*** Supplied information ***

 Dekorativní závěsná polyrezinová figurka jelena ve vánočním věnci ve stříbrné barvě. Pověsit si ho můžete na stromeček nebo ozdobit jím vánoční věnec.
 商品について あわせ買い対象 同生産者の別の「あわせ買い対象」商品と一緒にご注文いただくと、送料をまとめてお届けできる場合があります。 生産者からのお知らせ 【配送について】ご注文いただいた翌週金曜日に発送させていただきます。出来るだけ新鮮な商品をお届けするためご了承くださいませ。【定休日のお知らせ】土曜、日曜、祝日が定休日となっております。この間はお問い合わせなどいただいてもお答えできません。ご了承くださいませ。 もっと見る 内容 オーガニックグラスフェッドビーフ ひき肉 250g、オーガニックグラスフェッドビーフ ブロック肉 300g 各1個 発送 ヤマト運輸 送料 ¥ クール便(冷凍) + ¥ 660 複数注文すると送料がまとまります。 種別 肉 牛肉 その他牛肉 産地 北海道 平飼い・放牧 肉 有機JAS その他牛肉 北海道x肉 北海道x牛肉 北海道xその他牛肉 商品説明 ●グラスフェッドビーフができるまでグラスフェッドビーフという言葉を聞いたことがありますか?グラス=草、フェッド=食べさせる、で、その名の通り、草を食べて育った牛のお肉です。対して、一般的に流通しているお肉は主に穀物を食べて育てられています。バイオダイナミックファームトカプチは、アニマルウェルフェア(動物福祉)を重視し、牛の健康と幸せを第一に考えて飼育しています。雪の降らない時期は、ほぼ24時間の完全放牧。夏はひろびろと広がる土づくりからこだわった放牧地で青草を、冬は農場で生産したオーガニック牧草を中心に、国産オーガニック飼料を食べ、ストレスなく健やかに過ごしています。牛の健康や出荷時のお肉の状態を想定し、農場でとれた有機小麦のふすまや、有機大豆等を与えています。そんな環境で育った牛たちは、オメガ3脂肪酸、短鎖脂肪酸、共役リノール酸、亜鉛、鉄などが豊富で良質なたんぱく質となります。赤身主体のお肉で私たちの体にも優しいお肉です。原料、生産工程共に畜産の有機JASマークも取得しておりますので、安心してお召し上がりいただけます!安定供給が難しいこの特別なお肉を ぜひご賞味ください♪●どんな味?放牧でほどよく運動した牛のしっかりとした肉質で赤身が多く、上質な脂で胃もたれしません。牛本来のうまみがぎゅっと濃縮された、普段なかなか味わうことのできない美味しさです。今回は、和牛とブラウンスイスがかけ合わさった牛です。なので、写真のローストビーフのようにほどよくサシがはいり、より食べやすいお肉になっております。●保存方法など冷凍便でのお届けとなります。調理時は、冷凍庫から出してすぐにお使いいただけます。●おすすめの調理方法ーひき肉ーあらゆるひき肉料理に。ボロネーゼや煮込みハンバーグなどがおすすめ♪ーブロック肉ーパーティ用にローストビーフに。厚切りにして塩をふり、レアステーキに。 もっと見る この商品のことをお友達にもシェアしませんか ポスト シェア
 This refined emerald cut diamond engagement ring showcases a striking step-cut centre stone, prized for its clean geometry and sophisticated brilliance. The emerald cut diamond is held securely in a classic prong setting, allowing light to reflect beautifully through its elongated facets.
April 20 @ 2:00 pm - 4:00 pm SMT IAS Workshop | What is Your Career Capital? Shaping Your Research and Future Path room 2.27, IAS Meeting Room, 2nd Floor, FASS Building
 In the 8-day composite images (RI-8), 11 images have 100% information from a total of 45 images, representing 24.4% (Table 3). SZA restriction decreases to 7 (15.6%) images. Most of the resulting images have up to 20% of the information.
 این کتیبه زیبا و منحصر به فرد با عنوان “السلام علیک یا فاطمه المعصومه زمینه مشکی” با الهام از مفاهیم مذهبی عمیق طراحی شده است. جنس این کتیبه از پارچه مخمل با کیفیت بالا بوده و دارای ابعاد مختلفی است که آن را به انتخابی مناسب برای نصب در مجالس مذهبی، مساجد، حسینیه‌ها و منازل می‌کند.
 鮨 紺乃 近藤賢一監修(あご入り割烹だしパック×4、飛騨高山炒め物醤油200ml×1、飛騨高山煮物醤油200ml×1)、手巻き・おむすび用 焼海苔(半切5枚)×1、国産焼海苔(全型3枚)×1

*** End of Supplied information ***

# Task objective
Reproduce the records above in full and with exact wording.

# Response area
 Dekorativní závěsná polyrezinová figurka jelena ve vánočním věnci ve stříbrné barvě. Pověsit si ho můžete na stromeček nebo ozdobit jím vánoční věnec.
 商品について あわせ買い対象 同生産者の別の「あわせ買い対象」商品と一緒にご注文いただくと、送料をまとめてお届けできる場合があります。 生産者からのお知らせ 【配送について】ご注文いただいた翌週金曜日に発送させていただきます。出来るだけ新鮮な商品をお届けするためご了承くださいませ。【定休日のお知らせ】土曜、日曜、祝日が定休日となっております。この間はお問い合わせなどいただいてもお答えできません。ご了承くださいませ。 もっと見る 内容 オーガニックグラスフェッドビーフ ひき肉 250g、オーガニックグラスフェッドビーフ ブロック肉 300g 各1個 発送 ヤマト運輸 送料 ¥ クール便(冷凍) + ¥ 660 複数注文すると送料がまとまります。 種別 肉 牛肉 その他牛肉 産地 北海道 平飼い・放牧 肉 有機JAS その他牛肉 北海道x肉 北海道x牛肉 北海道xその他牛肉 商品説明 ●グラスフェッドビーフができるまでグラスフェッドビーフという言葉を聞いたことがありますか?グラス=草、フェッド=食べさせる、で、その名の通り、草を食べて育った牛のお肉です。対して、一般的に流通しているお肉は主に穀物を食べて育てられています。バイオダイナミックファームトカプチは、アニマルウェルフェア(動物福祉)を重視し、牛の健康と幸せを第一に考えて飼育しています。雪の降らない時期は、ほぼ24時間の完全放牧。夏はひろびろと広がる土づくりからこだわった放牧地で青草を、冬は農場で生産したオーガニック牧草を中心に、国産オーガニック飼料を食べ、ストレスなく健やかに過ごしています。牛の健康や出荷時のお肉の状態を想定し、農場でとれた有機小麦のふすまや、有機大豆等を与えています。そんな環境で育った牛たちは、オメガ3脂肪酸、短鎖脂肪酸、共役リノール酸、亜鉛、鉄などが豊富で良質なたんぱく質となります。赤身主体のお肉で私たちの体にも優しいお肉です。原料、生産工程共に畜産の有機JASマークも取得しておりますので、安心してお召し上がりいただけます!安定供給が難しいこの特別なお肉を ぜひご賞味ください♪●どんな味?放牧でほどよく運動した牛のしっかりとした肉質で赤身が多く、上質な脂で胃もたれしません。牛本来のうまみがぎゅっと濃縮された、普段なかなか味わうことのできない美味しさです。今回は、和牛とブラウンスイスがかけ合わさった牛です。なので、写真のローストビーフのようにほどよくサシがはいり、より食べやすいお肉になっております。●保存方法など冷凍便でのお届けとなります。調理時は、冷凍庫から出してすぐにお使いいただけます。●おすすめの調理方法ーひき肉ーあらゆるひき肉料理に。ボロネーゼや煮込みハンバーグなどがおすすめ♪ーブロック肉ーパーティ用にローストビーフに。厚切りにして塩をふり、レアステーキに。 もっと見る この商品のことをお友達にもシェアしませんか ポスト シェア
 This refined emerald cut diamond engagement ring showcases a striking step-cut centre stone, prized for its clean geometry and sophisticated brilliance. The emerald cut diamond is held securely in a classic prong setting, allowing light to reflect beautifully through its elongated facets.
April 20 @ 2:00 pm - 4:00 pm SMT IAS Workshop | What is Your Career Capital? Shaping Your Research and Future Path room 2.27, IAS Meeting Room, 2nd Floor, FASS Building
 In the 8-day composite images (RI-8), 11 images have 100% information from a total of 45 images, representing 24.4% (Table 3). SZA restriction decreases to 7 (15.6%) images. Most of the resulting images have up to 20% of the information.
 این کتیبه زیبا و منحصر به فرد با عنوان “السلام علیک یا فاطمه المعصومه زمینه مشکی” با الهام از مفاهیم مذهبی عمیق طراحی شده است. جنس این کتیبه از پارچه مخمل با کیفیت بالا بوده و دارای ابعاد مختلفی است که آن را به انتخابی مناسب برای نصب در مجالس مذهبی، مساجد، حسینیه‌ها و منازل می‌کند.
 鮨 紺乃 近藤賢一監修(あご入り割烹だしパック×4、飛騨高山炒め物醤油200ml×1、飛騨高山煮物醤油200ml×1)、手巻き・おむすび用 焼海苔(半切5枚)×1、国産焼海苔(全型3枚)×1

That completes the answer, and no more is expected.